**What needs to be done**
Could you set down exactly the lines of the data below, starting at the one that holds "PACEIN ヒートシーラー シーラー家庭用" and ending at the one that holds "布伦特原油 (ICE) (Z5) 当日内: 短期关键阻力位在62.70。", both included, and only those?

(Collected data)
__________

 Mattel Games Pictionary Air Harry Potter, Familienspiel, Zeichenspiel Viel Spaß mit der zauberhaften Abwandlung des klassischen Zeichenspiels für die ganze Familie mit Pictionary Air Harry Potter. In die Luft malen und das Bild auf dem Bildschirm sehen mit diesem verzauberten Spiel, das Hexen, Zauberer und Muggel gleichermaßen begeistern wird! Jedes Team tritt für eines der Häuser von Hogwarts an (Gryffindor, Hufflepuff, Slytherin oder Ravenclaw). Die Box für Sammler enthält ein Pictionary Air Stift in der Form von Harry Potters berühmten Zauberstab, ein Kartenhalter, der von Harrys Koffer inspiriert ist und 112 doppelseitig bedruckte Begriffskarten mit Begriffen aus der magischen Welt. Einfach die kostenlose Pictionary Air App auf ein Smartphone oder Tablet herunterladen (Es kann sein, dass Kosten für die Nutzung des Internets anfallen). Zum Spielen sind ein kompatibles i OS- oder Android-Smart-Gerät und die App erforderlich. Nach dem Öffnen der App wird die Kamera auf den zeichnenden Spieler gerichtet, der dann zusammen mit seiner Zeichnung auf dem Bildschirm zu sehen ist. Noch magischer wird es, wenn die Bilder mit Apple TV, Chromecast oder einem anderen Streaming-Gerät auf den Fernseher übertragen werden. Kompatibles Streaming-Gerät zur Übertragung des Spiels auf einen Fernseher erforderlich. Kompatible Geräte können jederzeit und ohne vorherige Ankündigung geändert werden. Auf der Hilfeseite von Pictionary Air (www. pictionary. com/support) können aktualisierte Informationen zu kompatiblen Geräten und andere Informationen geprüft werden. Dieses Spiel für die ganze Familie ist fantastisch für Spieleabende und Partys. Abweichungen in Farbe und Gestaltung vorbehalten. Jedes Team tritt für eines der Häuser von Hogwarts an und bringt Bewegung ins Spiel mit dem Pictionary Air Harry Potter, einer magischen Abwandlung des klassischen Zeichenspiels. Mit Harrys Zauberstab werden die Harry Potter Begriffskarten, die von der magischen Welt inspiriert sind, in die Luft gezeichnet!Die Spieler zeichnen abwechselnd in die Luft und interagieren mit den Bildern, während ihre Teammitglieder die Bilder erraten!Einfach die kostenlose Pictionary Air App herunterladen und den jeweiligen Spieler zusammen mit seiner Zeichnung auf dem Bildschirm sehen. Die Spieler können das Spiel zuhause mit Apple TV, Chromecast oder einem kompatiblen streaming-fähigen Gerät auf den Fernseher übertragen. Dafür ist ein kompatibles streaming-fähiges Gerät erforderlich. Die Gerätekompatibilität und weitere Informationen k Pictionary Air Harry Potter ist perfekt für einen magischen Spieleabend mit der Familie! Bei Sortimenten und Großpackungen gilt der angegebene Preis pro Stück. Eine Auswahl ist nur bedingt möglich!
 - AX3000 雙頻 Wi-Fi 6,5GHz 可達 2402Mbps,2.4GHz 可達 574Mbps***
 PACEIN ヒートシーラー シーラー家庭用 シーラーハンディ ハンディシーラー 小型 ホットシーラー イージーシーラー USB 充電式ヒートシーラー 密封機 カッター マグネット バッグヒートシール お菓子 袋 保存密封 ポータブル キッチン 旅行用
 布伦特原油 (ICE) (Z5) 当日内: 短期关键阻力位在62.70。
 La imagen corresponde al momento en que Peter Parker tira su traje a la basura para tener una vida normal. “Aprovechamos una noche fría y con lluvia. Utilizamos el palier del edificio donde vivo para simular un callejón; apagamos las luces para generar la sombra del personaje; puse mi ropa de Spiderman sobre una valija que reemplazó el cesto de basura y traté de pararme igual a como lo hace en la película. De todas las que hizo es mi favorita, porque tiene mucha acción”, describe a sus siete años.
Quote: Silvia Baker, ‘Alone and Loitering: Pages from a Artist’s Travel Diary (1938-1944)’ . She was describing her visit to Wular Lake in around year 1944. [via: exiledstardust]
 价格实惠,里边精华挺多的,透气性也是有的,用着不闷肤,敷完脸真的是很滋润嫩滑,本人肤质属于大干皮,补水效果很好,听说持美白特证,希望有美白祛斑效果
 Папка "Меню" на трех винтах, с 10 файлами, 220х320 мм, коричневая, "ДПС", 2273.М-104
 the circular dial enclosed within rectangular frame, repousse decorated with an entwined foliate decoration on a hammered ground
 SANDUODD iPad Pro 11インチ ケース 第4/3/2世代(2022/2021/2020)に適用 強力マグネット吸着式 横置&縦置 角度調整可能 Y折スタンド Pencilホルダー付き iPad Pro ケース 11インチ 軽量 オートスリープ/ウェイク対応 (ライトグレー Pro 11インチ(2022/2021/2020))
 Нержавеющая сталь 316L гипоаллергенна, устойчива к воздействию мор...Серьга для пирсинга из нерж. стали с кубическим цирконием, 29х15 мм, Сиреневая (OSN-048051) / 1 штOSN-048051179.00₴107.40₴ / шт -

__________

**Problem solution**
 PACEIN ヒートシーラー シーラー家庭用 シーラーハンディ ハンディシーラー 小型 ホットシーラー イージーシーラー USB 充電式ヒートシーラー 密封機 カッター マグネット バッグヒートシール お菓子 袋 保存密封 ポータブル キッチン 旅行用
 布伦特原油 (ICE) (Z5) 当日内: 短期关键阻力位在62.70。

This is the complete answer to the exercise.